*Problem to solve*
For the data that follows, print the line with "1 dozen pink", the line with "新しいワークスペースでは、 プラン、 データ、", and all lines between them, exactly as they stand. Omit pictures and add nothing.

*Records shown*

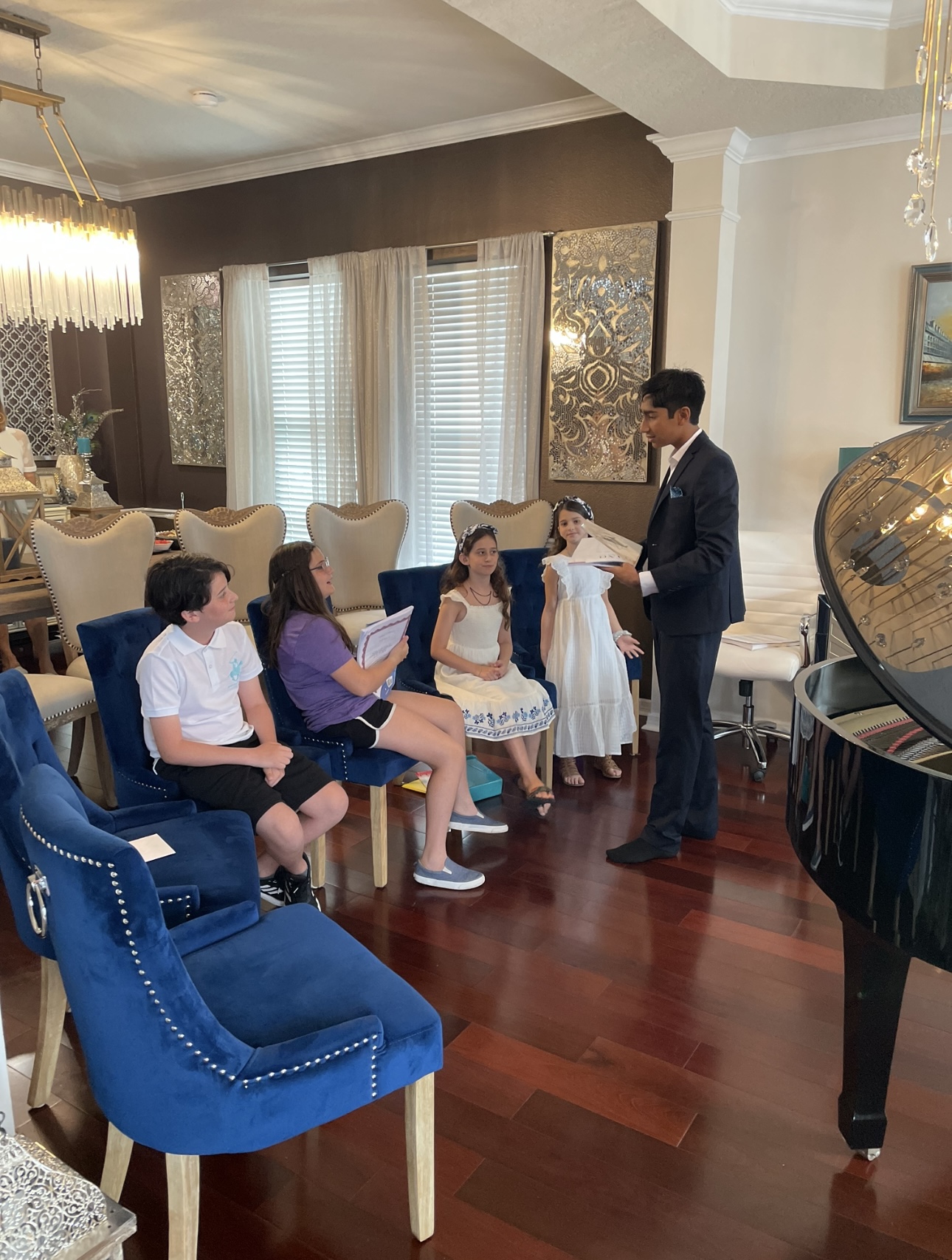 I turned to my piano, not as an escape, but as a way to give back. Piano has emotionally impacted and matured me in ways I cannot describe, and I wanted to mentor young kids by sharing my love for the instrument with them, with the goal to inspire young minds the same way I was inspired. I began teaching when I was 12. My first student was my neighbor. What started as one lesson evolved into something bigger, a sense of connection, of healing, of rediscovering worth through helping others find themselves within the music they played. Within a year, I had eight students, and what amazed me most wasn’t the growth, but the realization that I loved teaching and hosting as much as I loved playing. In May 2022, I hosted my first piano recital at my home. This defining moment was both nerve-wracking and unforgettable. Standing in front of an audience to speak, rather than perform, was something new for me, and it marked a turning point in my journey. The biggest lesson I learned in my first year is that the best outcomes are only possible through not only hard work, but also collaboration.
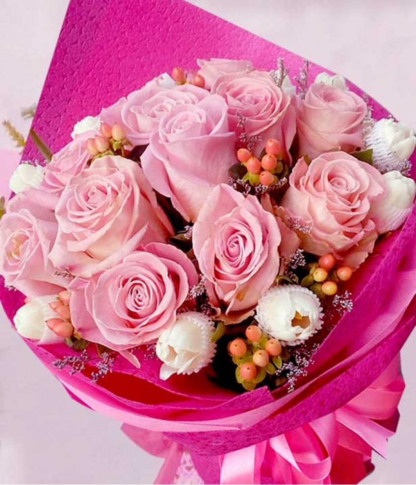1 dozen pink ecuadorian roses with 1 dozen white tulips
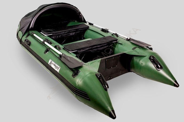 В комплект GLADIATOR D470 AL входят 1 мягкое (надувной баллон) и 2 жестких сиденья из водостойкой фанеры, местоположение которых можно регулировать замками трения вдоль направляющих на баллонах.
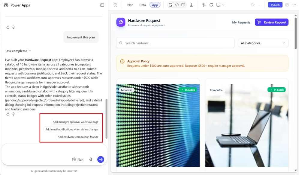 新しいワークスペースでは、 プラン、 データ、 アプリを切り替える際にコンテキストを保持する統合チャット エクスペリエンスが使用されます。 アプリを視覚的にプレビューし、コードを検査し、ワークスペースを離れることなく変更を加えることで、開発を高速化します。
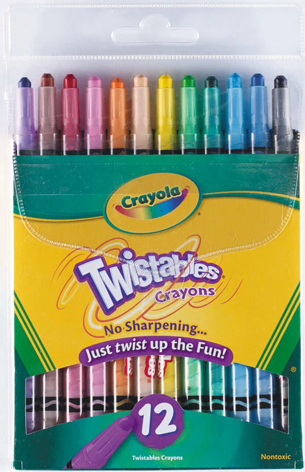 Crayola 12 Pack Twistables Crayons – Twist up the fun! Crayola Twistables require no peeling or sharpening. When the tips get worn down, just twist them up and you’re ready to keep on colouring. The clear plastic barrels keep them from breaking and make it easy to see how much colour is left. Non-toxic.
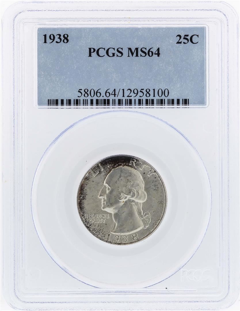 One 1938 Washington Quarter Coin PCGS MS64. PCGS Graded.
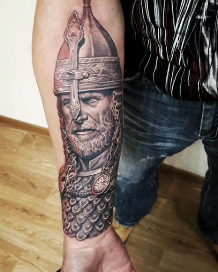 Тату богатир – портретна робота. Вибираючи частину тіла для зображення, потрібно враховувати, що це має бути достатній простір, щоб малюнок передавав всю міць і силу богатирського духу. Для виконання такого татуювання підійдуть:
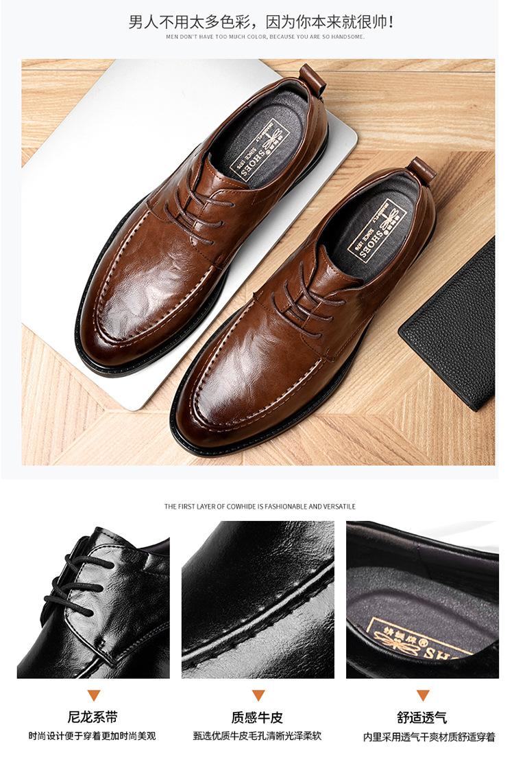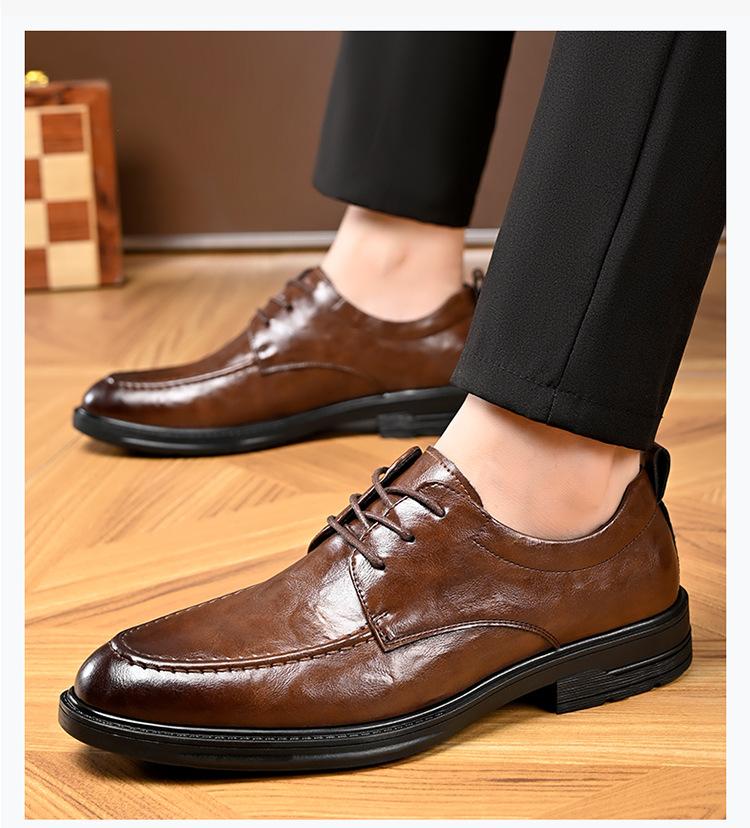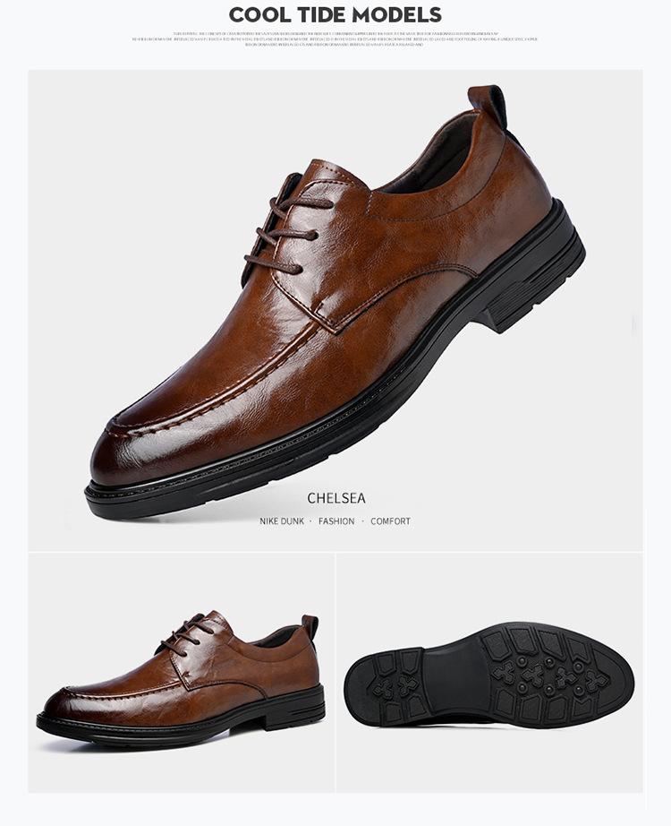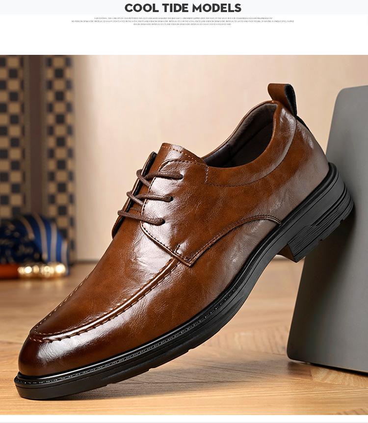 Zapatos de cuero Douyin de primera capa de piel de vaca para hombre, versátiles, transpirables, casuales, de negocios, de cuero de moda, de un solo paso, 8823D

*Your response*
1 dozen pink ecuadorian roses with 1 dozen white tulips
 В комплект GLADIATOR D470 AL входят 1 мягкое (надувной баллон) и 2 жестких сиденья из водостойкой фанеры, местоположение которых можно регулировать замками трения вдоль направляющих на баллонах.
 新しいワークスペースでは、 プラン、 データ、 アプリを切り替える際にコンテキストを保持する統合チャット エクスペリエンスが使用されます。 アプリを視覚的にプレビューし、コードを検査し、ワークスペースを離れることなく変更を加えることで、開発を高速化します。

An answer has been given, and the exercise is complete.